Detroit needs major surgery to survive. The cure requires:

  • Downsizing.

  • Restructuring large sections of the city.

  • Forging a regional economic development plan with the suburbs.

    Detroit's leaders have downplayed signs of a city-wide economic collapse for 40 years. Since the 1960s, 1,000 residents per month have left Detroit for jobs and better living conditions elsewhere. Today, the city has one million fewer residents than it did four decades ago. This exodus is not reversible in the foreseeable future. Barring major changes in the city's economy, it will continue unabated.

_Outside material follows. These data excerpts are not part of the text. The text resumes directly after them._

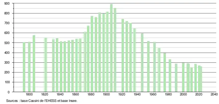 L'évolution du nombre d'habitants est connue à travers les recensements de la population effectués dans la commune depuis 1793. Pour les communes de moins de 10 000 habitants, une enquête de recensement portant sur toute la population est réalisée tous les cinq ans, les populations de référence des années intermédiaires étant quant à elles estimées par interpolation ou extrapolation[23]. Pour la commune, le premier recensement exhaustif entrant dans le cadre du nouveau dispositif a été réalisé en 2005[24].
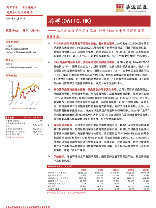【华源证券】【202512】三季度零售下滑高单位数_静待Nike大中华区调整效果-3页 证券期货研究报告
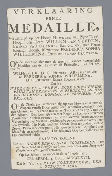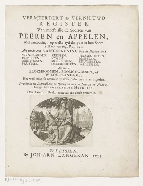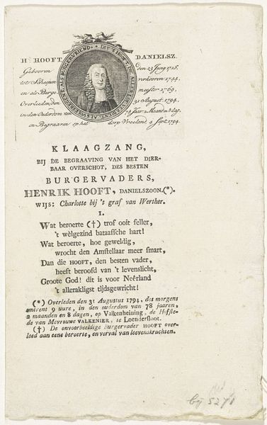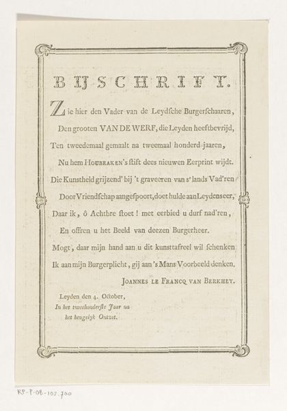 Editor: This is an engraving from 1774, titled "Tekstblad behorende bij het portret van Pieter Adriaansz. van der Werf," or Text Sheet belonging to the portrait of Pieter Adriaansz. van der Werf, by Johannes le Francq van Berkhey. It’s mostly text inside an ornate frame. What’s the story here? What am I looking at? Curator: At its heart, this engraving functions as a carefully constructed symbol of civic virtue and remembrance. Van Berkhey’s inscription essentially canonizes Pieter Adriaansz. van der Werf. Consider the title “Handhaaver der Vrijheid”—Guardian of Freedom. It elevates Van der Werf to a near-mythic status, doesn’t it? How does the visual presentation of text within a framed border impact the way the viewer perceives it? Editor: It feels like an official document, but also…art. So it’s meant to be both informative and celebratory? A little bit like a monument then? Curator: Precisely! Monuments serve to preserve cultural memory. Look at phrases like “grijzend bij ‘t graveeren van ‘s Lands Vadren” - “graying while engraving the fathers of the country”. Do you think Van Berkhey implies tradition and reverence? He links this image, this printed word, to a longer history, suggesting that Van der Werf, too, now belongs to the lineage of celebrated figures. The text itself becomes a symbol. Editor: So, it’s not just about what the words say, but what they represent, and what van Berkhey wanted them to represent for viewers then and now. Curator: Exactly. It invites reflection on duty, artistic legacy, and the power of images to shape our understanding of the past. Think about how these symbols worked in the 18th century, and the historical and political context in which this piece came into existence. Editor: I hadn't thought about how much meaning can be embedded in what seems like a simple text. The frame, the wording - everything seems carefully chosen to create a specific impression. Thanks! Curator: My pleasure! It’s through examining such details that we uncover the lasting impact of visual language and its ability to echo through time.
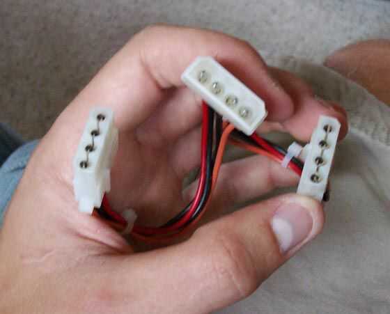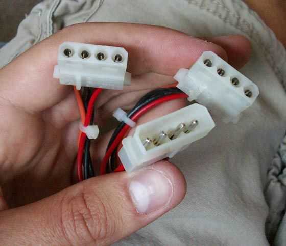 Utilizando piezas de una vieja fuente de alimentación y un ventilador, he construido un Y-divisor de Molex. He visto estas venta por menor para alrededor $4 (más Si coges un envío en cuenta). Las piezas que utilicé eran sobras - costo total de $0.00.
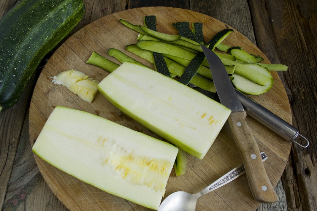 Скребком для чистки овощей снимаем тонкий слой кожуры. Разрезаем кабачок пополам, выскребаем ложкой серединку с семенами и рыхлой мякотью. На ранней стадии зрелости, когда овощи весят не более 200 г, чистить от семян и кожуры не нужно.
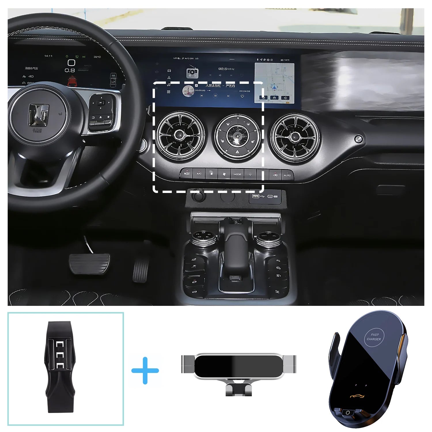 Vi presenterar Tank 300 Biltelefonhållare Trådlös Laddning Gravitation Ställ — en specialbyggd monteringslösning som är speciellt utformad för din Tank 300 (2022–2024). Denna gravitationbaserade telefonhållare säkrar din enhet med en enkel nedsläppningsåtgärd, vilket låter dig hålla båda händerna på ratten och ögonen på vägen. Den inbyggda trådlösa laddningen håller din telefon strömad medan du kör, vilket eliminerar oreda från laddningskablar när du är på språng.
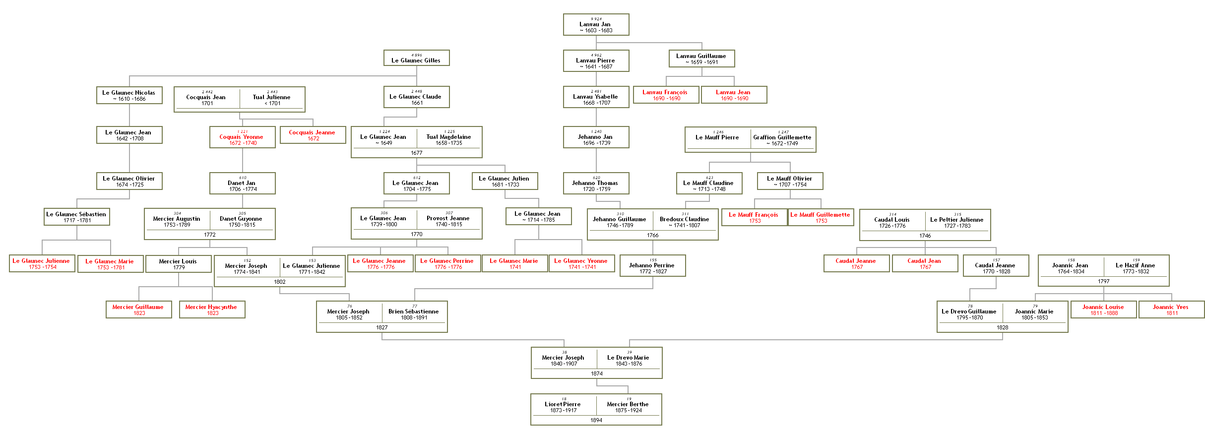 Voici une branche purement morbihannaise dans laquelle on découvre 9 paires de jumeaux et un seul sosa. Plutôt une seule, Yonne Cocquais, sosa 1221 qui a eu une sœur jumelle s’appelant Jeanne.
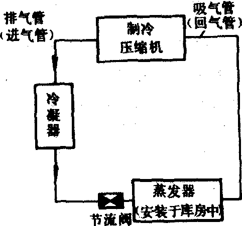 机械制冷原理 制冷系统 库体只是对果蔬产品贮藏提供了一个隔热场所,在大多数情况下还需外界提供冷源,以达到低温冷藏的目的。制冷系统的工作过程(见图)是:在一个封闭的系统中,压缩机将吸气管中低压低温气态的制冷剂吸入进行压缩,使制冷剂成为高温高压状态的气体,然后由排气管排出,经过冷凝器时制冷剂放出热量进行降温而成为液态。然后由管路经过节流阀,使制冷剂压力下降为低压,进入蒸发器中,同时蒸发吸热,从而使冷藏库中的空气、货物被冷却。制冷剂在蒸发器中蒸发后,成为低压低温状态的气体,又被压缩机吸入机腔中压缩,形成循环。主要设备有:❶压缩机组。根据使用的制冷剂不同,可分为氨(NH3)压缩机组、氟-12压缩机组和氟-22压缩机组。按照压缩机结构形式的不同,又可分为离心式、活塞式和螺杆式压缩机组。 ❷冷凝器。是用冷却介质与从压缩机中出来的高温高压气态制冷剂进行热交换的装置。通常冷凝器均采用水作为换热介质,也有采用空气作为冷却介质的。 ❸附属设备。常规冷藏库的附属设备主要有通风换气系统、循环冷却水系统和照明电气系统。此外,还需其他配套设备,包括节流阀、油分离器、贮液器和紧急泄氨器等。 |

    The focus on keystone projects downtown has masked deepening problems in the neighborhoods, which have not retained working-class residents. The human tragedy of the mortgage foreclosures will be matched with the neighborhood tragedy of accelerating population loss and housing abandonment.

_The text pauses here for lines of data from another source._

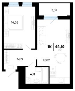 Общая площадь44,1 м²
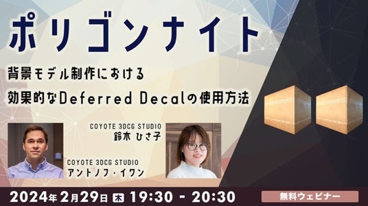 株式会社クリーク・アンド・リバー社(C&R社)は2月29日(木)、3DCGデザイナーや3Dモデリング、3Dモーション、アニメーション、テクニカルアーティストなどゲーム開発に携わる方を対象に、無料のオンラインセミナー「ポリゴンナイト 背景モデル制作における効果的なDeferred Decalの使用方法」を開催します。▼詳細・お申し込みはこちら
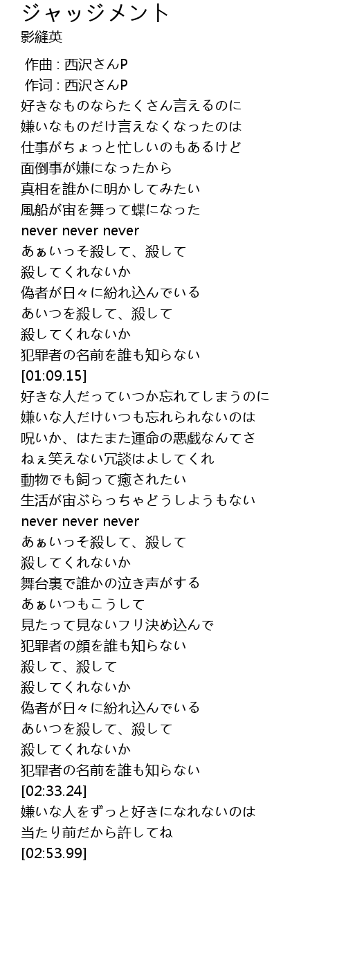 | [00:01.000] | 作词 : 西沢さんP |
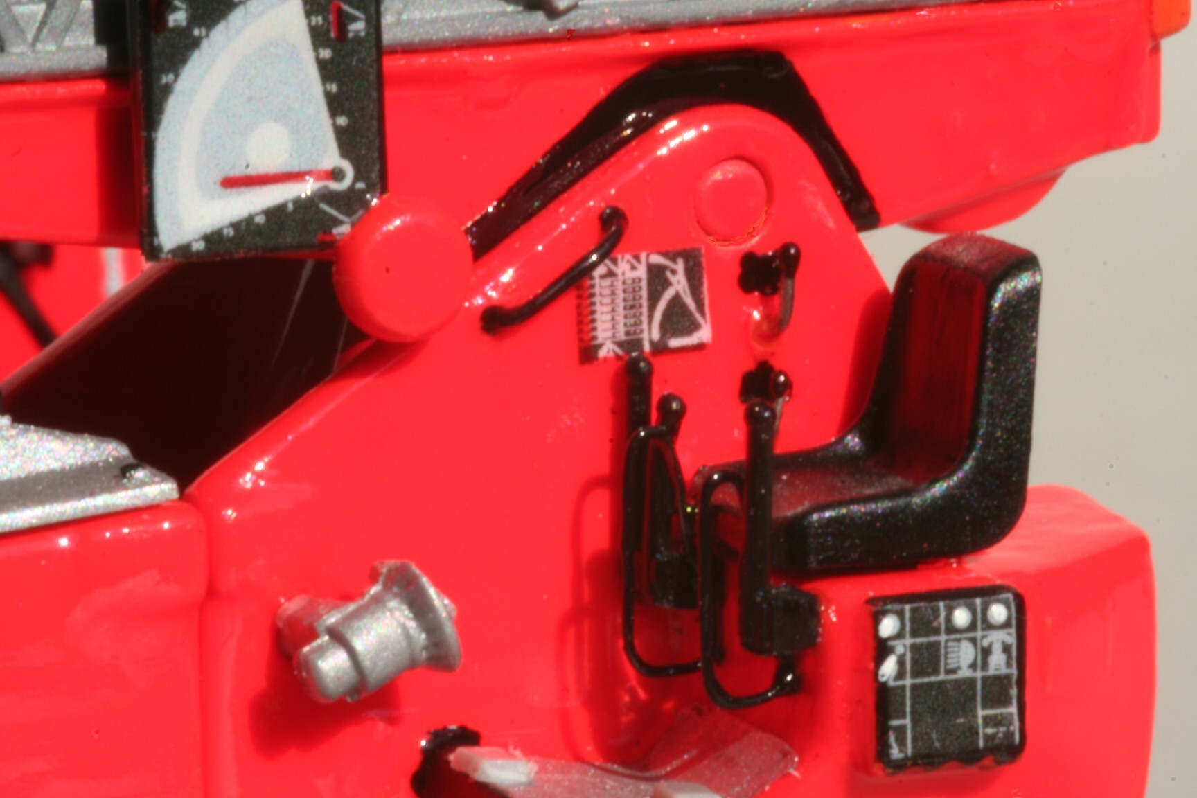 Der nur angedeutete Tritt am Roco-Fahrerhaus wurde abgesägt und durch einen vorbildgetreuen aus Draht und einem kleinen Stück einer Kibri Krähenfußblechplatte ersetzt. Außerdem erhielt das Modell unter der Fahrertür einen Anschluss für das Ladekabel sowie einen weiteren(orange) für eine Druckluftleitung. In der hellbraunen Türpolsterung ist noch die schwarze Armauflage zu sehen. Nur die Kurbel zum Heben und Senken der Seitenscheibe fehlt :wink: . Am Drehstuhl habe ich die etwas grobe Halterung für den Korb abgesägt und durch eine vorbildgetreue ersetzt. So kann der Modellkorb auf der Schräge hochgeschoben werden und bleibt in der Vertiefung oben hängen. Die beiden Stangen zur Arretierung des Korbes an seinem unteren Ende sind deshalb im Modell funktionslos, wurden aber nachgebildet. Außerdem befindet sich unter der Korbhalterung der Auslösehaken für den Korb. Die Korbwandung hat noch Trittnischen erhalten und das Steuerpult im Korb eine rote Stoffabdeckung. Am Generator befindet sich eine Planenabdeckung, die an einer Seite wegen des überstehenden Reservekanisters nicht geschlossen werden kann.

    Detroit's single biggest problem is a lack of jobs for its residents. If working-class people cannot find work in the city, those who can will leave. Those who cannot leave face myriad social problems -- crime, housing abandonment, poor schools, inadequate services and damaging environmental health conditions.

    The restructuring of the auto industry will further exacerbate Detroit's problems.

    While Detroiters bear the major brunt of these problems, everyone in the region is hurt when deplorable city conditions discourage businesses from locating and expanding in the metropolitan area.

    Detroit needs a visionary 20-year plan to downsize significantly. To heal the patient, Detroit's 50 square miles of vacant land must be reused effectively by consolidating large sections of abandoned property for economic redevelopment and open space use. The city's checker board land holdings are largely useless as economic building blocks. When land becomes available its development needs to be integrated into a comprehensive regional economic strategy, an approach that will mesh with the new urban policy of President Barack Obama.

    The challenges of downsizing effectively are daunting. The mayor can expect strong opposition from community organizations and residents where neighborhoods would be phased out and city services curtailed. The Michigan Constitution was recently amended to take the power of eminent domain for economic development out of the hands of crumbling city governments, so assembling land will be very difficult.

    Nevertheless, land consolidation is Detroit's only salvation to revitalize its neighborhoods by restructuring the city's economic base.

    The economic center of the region is no longer within Detroit's limits, as it was in the 1950s. Detroit's government now has little influence and almost no participation in regional development. If Detroit's decline goes unchecked, how long will it be before the region decides to close ranks, further separate itself from the city and create an image and name of its own to bolster its economic survival and future? East Detroit has already been renamed Eastpointe.

    Detroit's next mayor must act decisively in meeting the city's economic challenges. Only then will the patient be healed.

    John E. Mogk is a professor of law at the Wayne State University Law School in Detroit.